-
Notifications
You must be signed in to change notification settings - Fork 1.3k
Description
Summary
Replace the single usage of rust-timsort with a more performant sorting algorithm. Either Rust's default sorting algorithm or a crate like glidesort which has positive benchmarks against the default implementation.
Detailed Explanation
As of CPython 3.11, Timsort is no longer the default sorting algorithm. It is instead an algorithm called Powersort.
rust-timsort
RustPython currently uses a forked project https://github.com/RustPython/rust-timsort as its default sorting algorithm.
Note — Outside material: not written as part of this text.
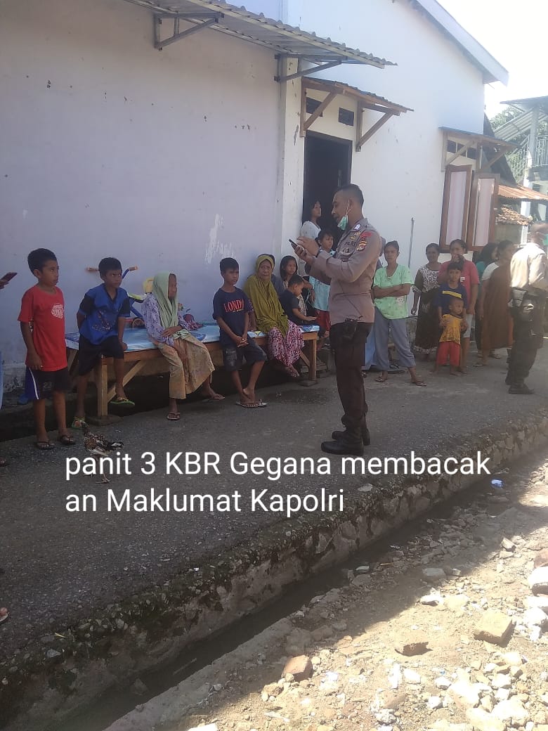 Selain itu juga panit 3 KBR Gegana membacakan Maklumat Kapolri n Edukasi tentang penyebaran dan Memutus Mata rantai penyebaran Virus Corona.

To quote rust-timsort's README.
This is still an extreme work-in-progress, and performance has vast room for improvement.
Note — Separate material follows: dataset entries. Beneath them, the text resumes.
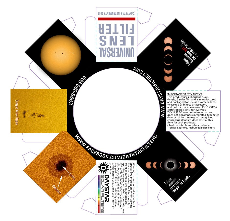 Safe Foldable Solar Lens Filter for Cameras. Use to safely photograph partial solar eclipses, total solar eclipses, or to view or photograph the sun anytime!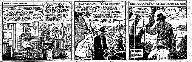 The second month of Howard Nostrand's three month stretch on Bat Masterson. Neal Adams has said that this was the first thing he worked on, as Nostrand's assistant. But don't expect to see any of his typical stylistic features. He wasonly starting out and very, very young. Despite the graininess, these are the best available copies of these strips. The line quality in these is so, that you can read and follow the story, for which you will have to follow the link to see the beginneng and return next week to see the end.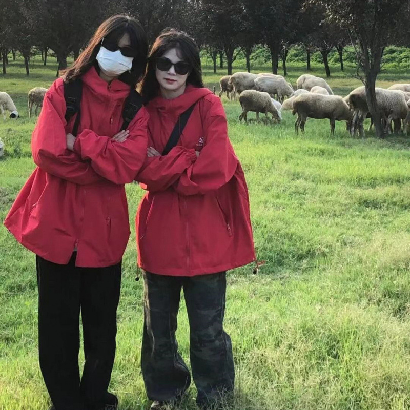 미국 스타일의 복고풍 충전 옷 여성의 봄과 가을 2024 새로운 레드 한국 스타일 느슨한 후드 긴 소매 재킷스토어 가기

This performance gap has become noticeable as new unit tests in later Python versions are introduced, which attempt to sort larger and larger lists. Sorting 1 million random numbers with rust-timsort takes 10-20 minutes vs 0.3 seconds for CPython.
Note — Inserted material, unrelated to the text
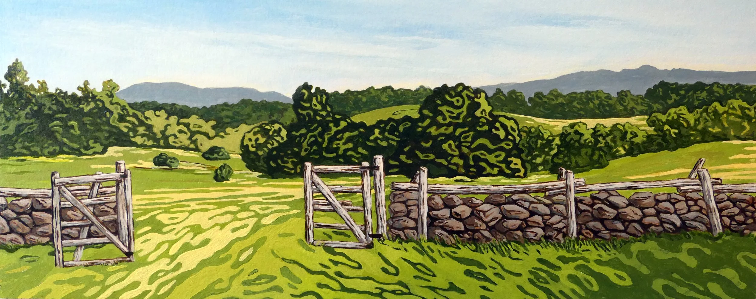 Fence at Oak Springs, 8" x 20", acrylic on paper - available

RustPython on statistics-module-kde-function [$!?] via :snake: v3.13.1 via :crab: v1.88.0
✦ ❯ time python -c "from random import random; sorted([random() for i in range(1_000_000)]); print('DONE');"
DONE
real 0m0.309s
user 0m0.274s
sys 0m0.036s
RustPython on statistics-module-kde-function [$!?] via :snake: v3.13.1 via :crab: v1.88.0
✦ ❯ time cargo run --release -- -c "from random import random; sorted([random() for i in range(1_000_000)]); print('DONE');"
Finished `release` profile [optimized] target(s) in 0.16s
Running `target/release/rustpython -c 'from random import random; sorted([random() for i in range(1_000_000)]); print('\''DONE'\'');'`
DONE
real 16m52.217s
user 16m51.926s
sys 0m0.174s
glidesort
Glidesort is a crate which contains a sorting algorithm Glidesort which is an apparent enhancement to Powersort. Unlike rust-timsort, Glidesort has posted benchmark numbers showing it comparing as good or significantly better (in the case of largely presorted lists) than Rust's builtin sorting method which is a Mergesort implementation.

Drawbacks, Rationale, and Alternatives
Rationale
CPython and PyPy both have left Timsort behind as better performing alternatives became available i.e. Powersort. I believe the usage of Timsort in any Python is an implementation detail and if better performing sorting algorithms are available, they should be fair game.
If we choose to go with the default Rust sort then an entire dependency is removed from RustPython and maintaining the sorting algorithm becomes a non-issue until such time as performance warrants using something different.
Drawbacks
- A drawback with Glidesort is it does not seem to contain any tests and is not actively maintained. This would probably need forking like rust-timsort
Unresolved Questions
- Is Rust's builtin sorting algorithm quick enough to be happy to drop dependencies on fancier algorithms for easier maintainability?
- If not, is Glidesort not having tests and needing to be forked a blocker and should some other crates be considered?